Quick start

These are the only things you need to do:

pip install bauplan --upgrade
  • Set up your username and authentication key (please, make sure you have both before starting)

bauplan --profile default config set api_key "your_bauplan_key"

Alternatively, you can manually create a ~/.bauplan/config.yml file with the following structure:

profiles:
  default:
    env: prod
    api_key: "my_bauplan_key"
    project_dir: .

Explore the data catalog

We pre-loaded some data for you so let’s start by looking at it in the data catalog using the CLI.

This command will show you the Iceberg tables in the main branch in the data lake.

bauplan branch get main

We can then explore the schema of the tables in the data catalog. The important tables for this tutorial are taxi_fhvhv and taxi_zones (here you can have a look of the datasets).

bauplan table get taxi_fhvhv
bauplan table get taxi_zones

Run a query

You can query the data directly in the data lake using the CLI:

bauplan query "SELECT max(tips) FROM taxi_fhvhv WHERE pickup_datetime = '2023-01-01T00:00:00-05:00'"
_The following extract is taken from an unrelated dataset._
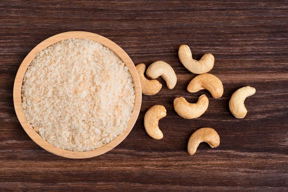 เม็ดมะม่วงหิมพานต์ที่จำเป็นสำหรับอาหารที่อุดมไปด้วยสารอาหารสำหรับปลาสุนัขหมูแกะม้าแพะบรรจุในถุง
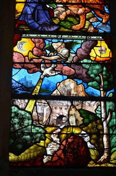 verrière de l'Apocalypse, mur Nord, vue partielle, partie inférieure de la lancette de gauche, représentation de l'aigle, le soleil, la lune et les étoiles sont noyés dans les ténébres

The results will be visualized in your terminal (we will show how to use different interfaces than the CLI later in the tutorial ).

Run a pipeline

Go into the folder quick_start, and run our demo pipeline. You should see the terminal updating in real-time as the code is executed.

cd quick-start
bauplan run

👏👏 Congratulations, you just ran your first Bauplan pipeline! In this example, you ran a very simple pipeline composed of two Python functions:

flowchart LR id0[(taxi_fhvhv)]-->id2[models.trips_and_zones] id1[(taxi_zones)] --> id2[models.trips_and_zones] id2[models.trips_and_zones]-->id3[models.normalized_taxi_trips]
What happens when we do bauplan.run?
  • Bauplan parsed the code in the file models.py,

  • built a logical plan based on the implicit dependencies between the nodes,

  • and ran the nodes of the pipeline as isolated functions in the cloud, while streaming back in real time.